■ Provided entries:

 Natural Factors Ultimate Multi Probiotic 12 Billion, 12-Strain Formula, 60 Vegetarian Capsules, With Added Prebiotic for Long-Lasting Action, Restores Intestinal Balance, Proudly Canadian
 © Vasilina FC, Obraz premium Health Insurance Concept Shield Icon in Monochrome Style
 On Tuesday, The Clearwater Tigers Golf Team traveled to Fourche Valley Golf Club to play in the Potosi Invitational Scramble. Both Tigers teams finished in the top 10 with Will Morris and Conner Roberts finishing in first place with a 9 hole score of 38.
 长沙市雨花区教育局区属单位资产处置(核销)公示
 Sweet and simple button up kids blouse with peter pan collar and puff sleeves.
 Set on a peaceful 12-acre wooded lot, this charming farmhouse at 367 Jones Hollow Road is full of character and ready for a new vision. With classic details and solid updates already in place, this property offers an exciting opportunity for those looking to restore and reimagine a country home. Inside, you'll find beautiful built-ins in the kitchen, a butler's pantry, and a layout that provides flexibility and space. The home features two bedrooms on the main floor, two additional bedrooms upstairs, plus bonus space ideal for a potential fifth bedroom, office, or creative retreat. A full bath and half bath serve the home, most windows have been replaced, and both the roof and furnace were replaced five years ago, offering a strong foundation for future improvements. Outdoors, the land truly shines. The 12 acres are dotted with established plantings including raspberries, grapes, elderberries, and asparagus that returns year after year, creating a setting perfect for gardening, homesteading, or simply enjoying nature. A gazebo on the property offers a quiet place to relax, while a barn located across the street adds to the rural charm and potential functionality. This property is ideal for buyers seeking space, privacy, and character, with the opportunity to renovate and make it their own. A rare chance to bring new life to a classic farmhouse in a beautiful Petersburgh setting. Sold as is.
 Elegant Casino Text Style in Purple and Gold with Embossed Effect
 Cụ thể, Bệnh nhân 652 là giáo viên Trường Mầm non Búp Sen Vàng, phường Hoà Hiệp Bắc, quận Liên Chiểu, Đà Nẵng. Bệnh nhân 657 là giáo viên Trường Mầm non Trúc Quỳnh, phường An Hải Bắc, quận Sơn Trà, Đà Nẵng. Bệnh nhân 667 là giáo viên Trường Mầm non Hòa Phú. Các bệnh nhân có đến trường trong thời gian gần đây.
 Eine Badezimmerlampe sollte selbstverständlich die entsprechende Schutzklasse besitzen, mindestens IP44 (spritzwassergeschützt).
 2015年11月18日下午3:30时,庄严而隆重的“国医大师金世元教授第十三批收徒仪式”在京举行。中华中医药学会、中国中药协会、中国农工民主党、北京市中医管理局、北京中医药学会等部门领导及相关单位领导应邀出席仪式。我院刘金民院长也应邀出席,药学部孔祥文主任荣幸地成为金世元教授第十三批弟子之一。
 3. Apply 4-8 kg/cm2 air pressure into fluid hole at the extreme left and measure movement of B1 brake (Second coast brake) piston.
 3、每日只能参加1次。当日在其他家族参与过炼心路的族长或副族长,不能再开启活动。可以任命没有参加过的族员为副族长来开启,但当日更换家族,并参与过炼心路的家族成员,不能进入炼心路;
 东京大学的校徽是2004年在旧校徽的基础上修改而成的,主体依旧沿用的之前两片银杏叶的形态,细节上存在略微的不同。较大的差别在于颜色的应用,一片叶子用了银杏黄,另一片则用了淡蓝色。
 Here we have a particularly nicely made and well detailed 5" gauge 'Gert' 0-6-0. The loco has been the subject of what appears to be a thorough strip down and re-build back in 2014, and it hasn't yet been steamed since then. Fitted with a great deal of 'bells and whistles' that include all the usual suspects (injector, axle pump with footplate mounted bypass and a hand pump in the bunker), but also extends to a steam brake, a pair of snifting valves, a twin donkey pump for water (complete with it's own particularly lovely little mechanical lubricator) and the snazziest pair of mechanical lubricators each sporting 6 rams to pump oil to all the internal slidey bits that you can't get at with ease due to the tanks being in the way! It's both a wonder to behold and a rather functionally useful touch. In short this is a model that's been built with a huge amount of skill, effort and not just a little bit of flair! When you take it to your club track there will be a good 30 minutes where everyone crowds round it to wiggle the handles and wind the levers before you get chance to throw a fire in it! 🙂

■ Required work: Copy out each line of the data in which the word "Style" appears.

■ Reply to the exercise:
 © Vasilina FC, Obraz premium Health Insurance Concept Shield Icon in Monochrome Style
 Elegant Casino Text Style in Purple and Gold with Embossed Effect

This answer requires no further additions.